January 2014

For many of us the start of a new year can be the start of some ‘New Thinking.’ Not the sort of thinking which, as the poet A.E Houseman puts it, “Drives men underground.” But the kind of thinking to take the initiative and lift the spirit.

Let 2014 be the year when ordinary man and women seize back control from; The Experts!

For too long experts have bullied us ordinary folk by poking into every aspect of our lives. Whether it is in education, health, raising children, driving cars or looking after livestock, let 2014 be the year when we tell the experts that they are there for us, not us them!

We are fed up being bamboozled by experts, so let this be the year of experience and common sense. Let us resolve to trust our own senses and rely less on the theories of others. For example, Fredrick Engels wrote much about poverty in Manchester and with Karl Marx came up with a grand scheme to abolish it.
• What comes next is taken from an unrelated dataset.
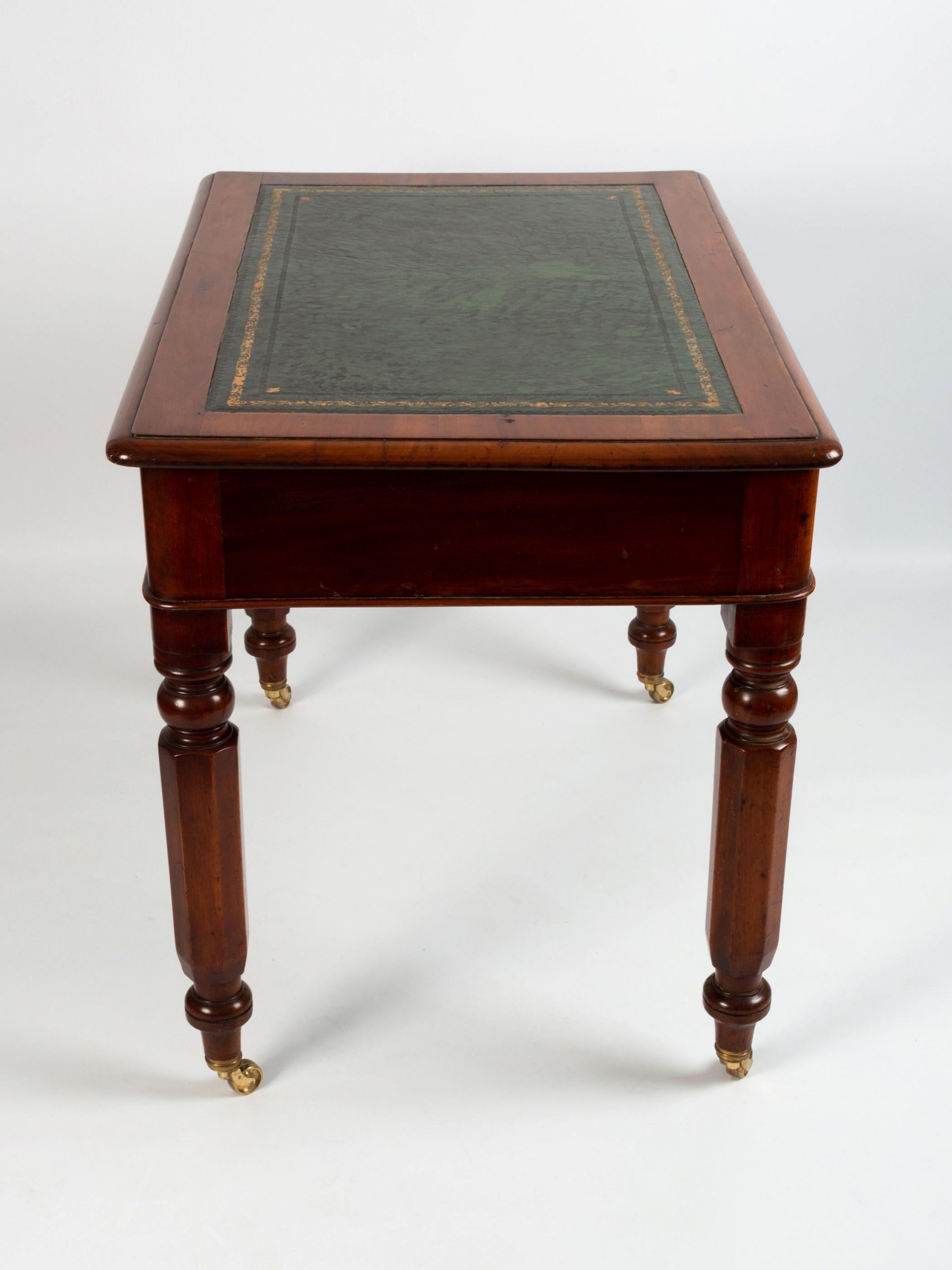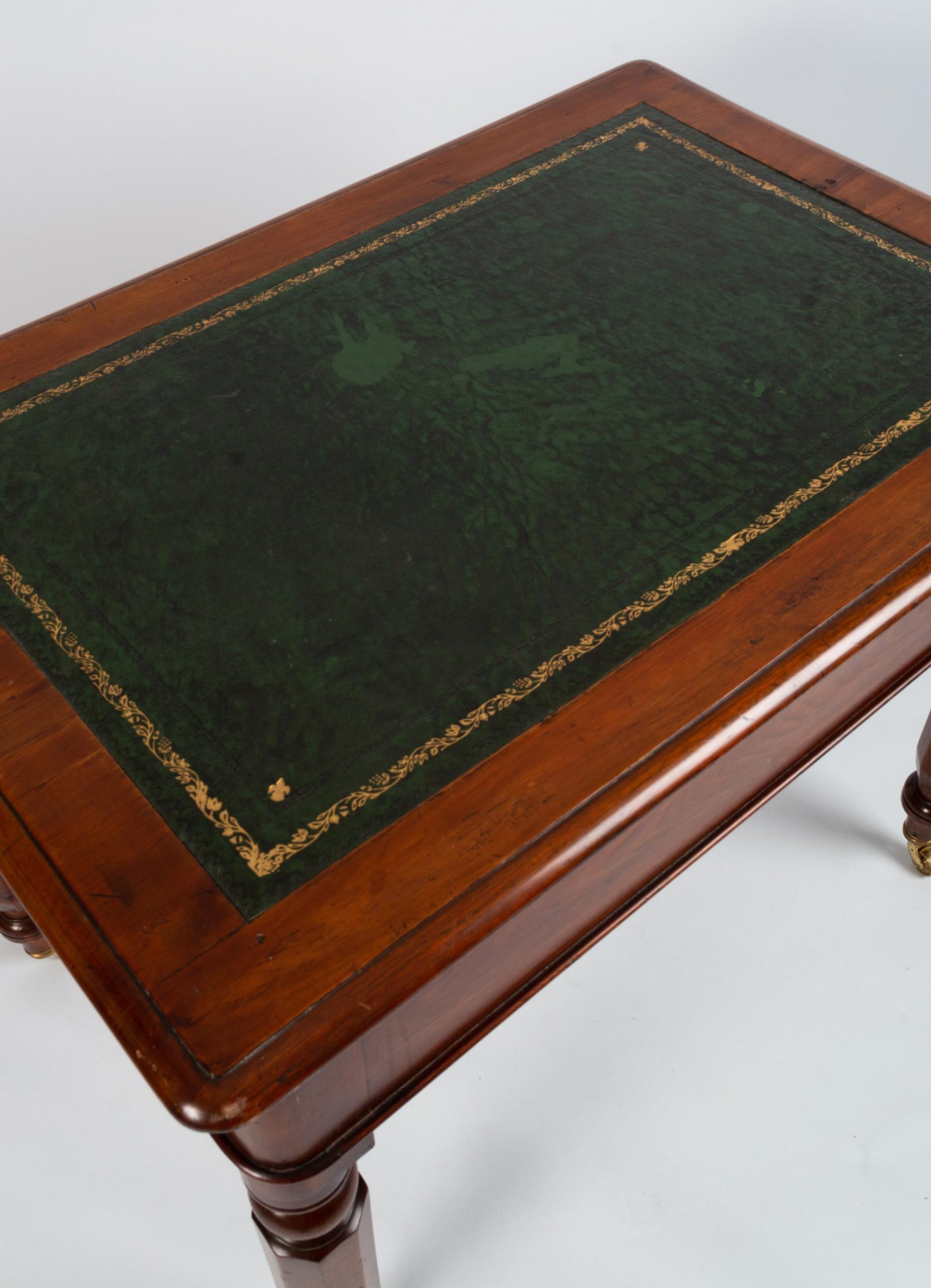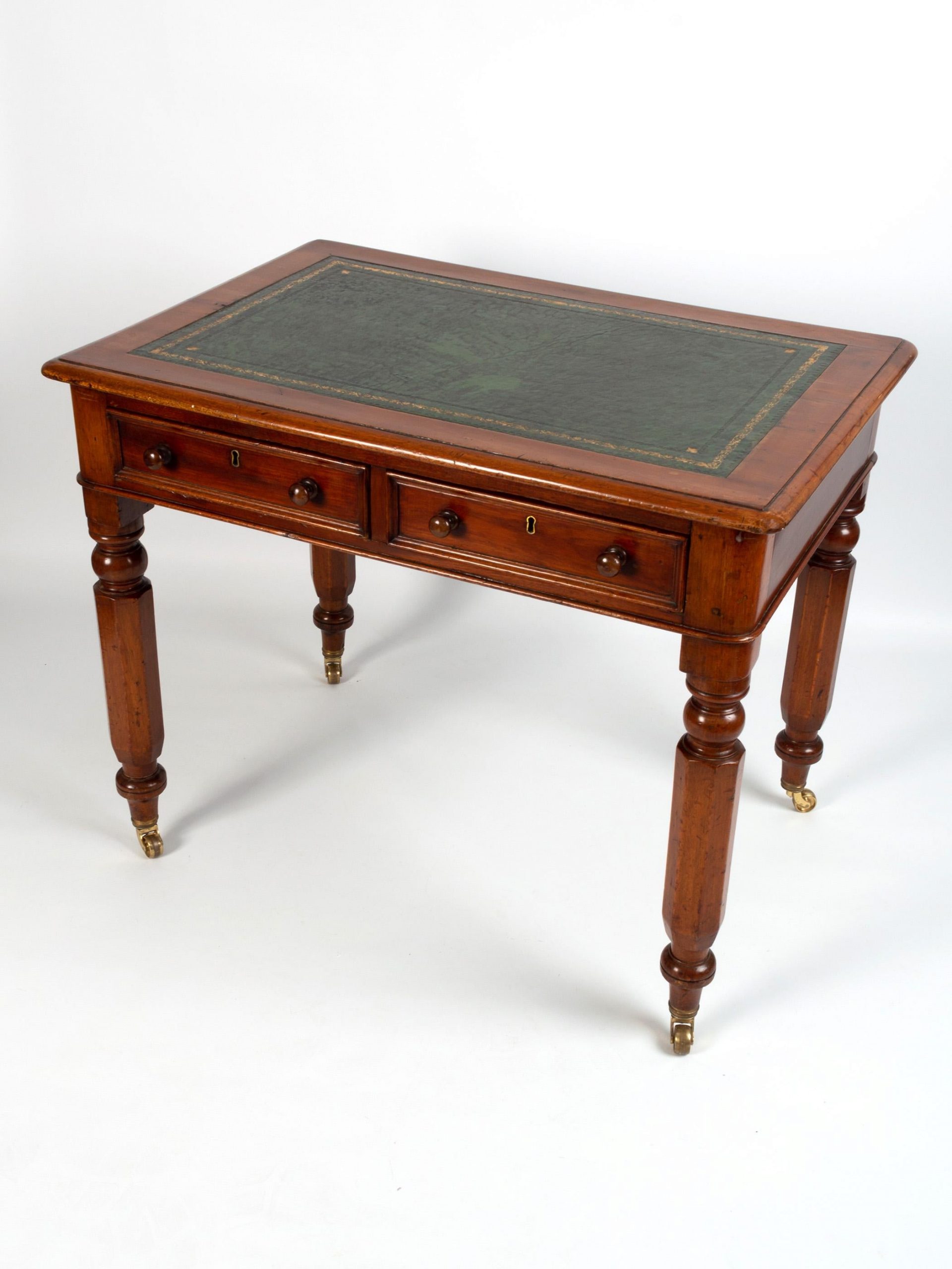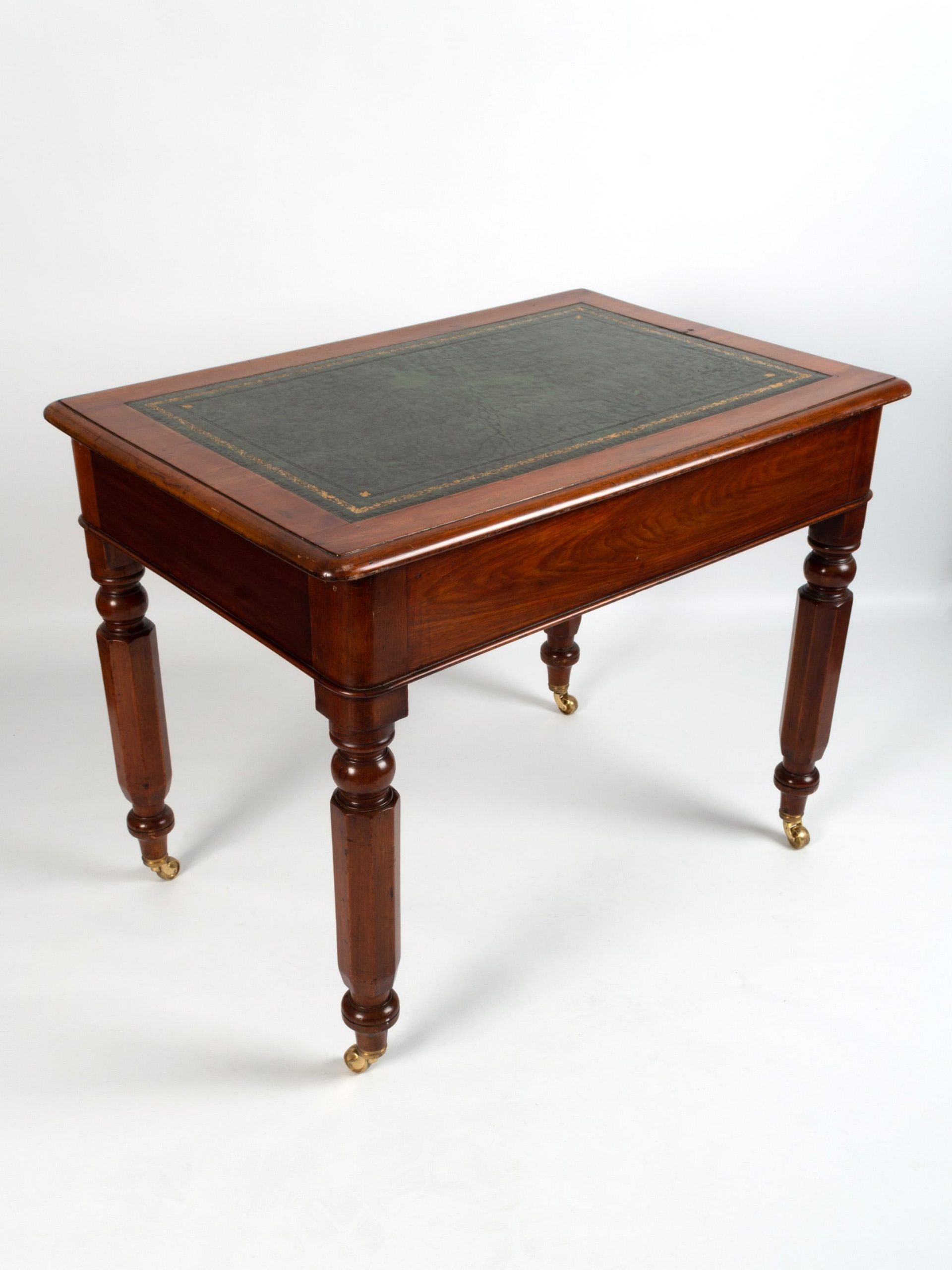 Antique 19th century English Mahogany and leather inset library table C.1840. A neatly proportioned library desk with two drawers, standing on beautifully turned legs, terminating in brass castors. This early Victorian example is presented in excellent condition commensurate of age.

I read a lot about their scheme and saw it in action: Yet I learned more about solving poverty from my Methodist Great Grandfather than anything Engels theorised.

I am not saying that expertise is a dishonourable and unworthy pursuit, but rather that the expert should accept the limitations of their own knowledge, and that the public should point a sceptical eye on every recommendation from an expert.  Don’t ignore it; just don’t stop believing in your own common-sense simply because an expert says something. In any case remember that many experts also gain something from their own recommendations.

Mind you, telling people what to do is not new and ancient writings such as the Bhagavad Gita, Bible and Koran, have lots of injunctions telling us what to do. (Or else)

From the beginning there have been expert bosses pushing us around. Tribal leaders,  Kings, Colonels, Politicians, and Police who, until this past twenty years, seemed to enforce the law with a reasonable touch of common-sense.  However, something has changed as it now appears that the governing elites of all parties have no inkling of common-sense.

But where has Common-Sense gone? It is as though the old moderating balance of British Common-Sense has irrevocably disappeared into a vast cosmos of infinite regret, so that one is left wondering if it ever existed. This is surely a major issue for 2014.

We might speculate as to why Common-Sense has disappeared. Is it the one-sided belief of many educational theorists that pupils cannot learn from failure and so everyone must succeed? Is it lawyers who think the letter of the law is greater than its spirit. Could it be bankers who don’t see a difference between investment and gambling, and what about Politicians who manipulate us to behave in ‘correct’ ways? Or, might it be ‘The System’ which is owned by no-one and fully understood by no-one, but which must be followed, because it is there to serve our best interests?

Most readers will have their own ideas, but may also think that we now have a bureaucratic system so vast and complex that it simply cannot deliver common sense decisions.

Such thoughts can be depressing and, because changing the system is nigh-on impossible; how about making 2014 the year to change ourselves?  Despite my earlier comments we do need an expert to do that. But not your usual bossy, know-all arrogant expert, this expert is us. As we know more about ourselves than anyone else; who better to bring about change?

A word of warning however. Changing ourselves can have a downside as in the following story:

A wealthy Arab with a very rare blood group went into a Glasgow hospital for heart surgery and after a frantic search a local donor was found. Following the operation the grateful Sheik sent the donor a new BMW. Two days later more blood was needed, but this time the Sheik sent a box of Thornton’s chocolates.

The donor, who had expected diamonds, was shocked and rang demanding to know why the change of heart. “Well laddie” replied the Sheik;

“Dinna forget ma veins now contain a wee drop o’ Scottish blood.”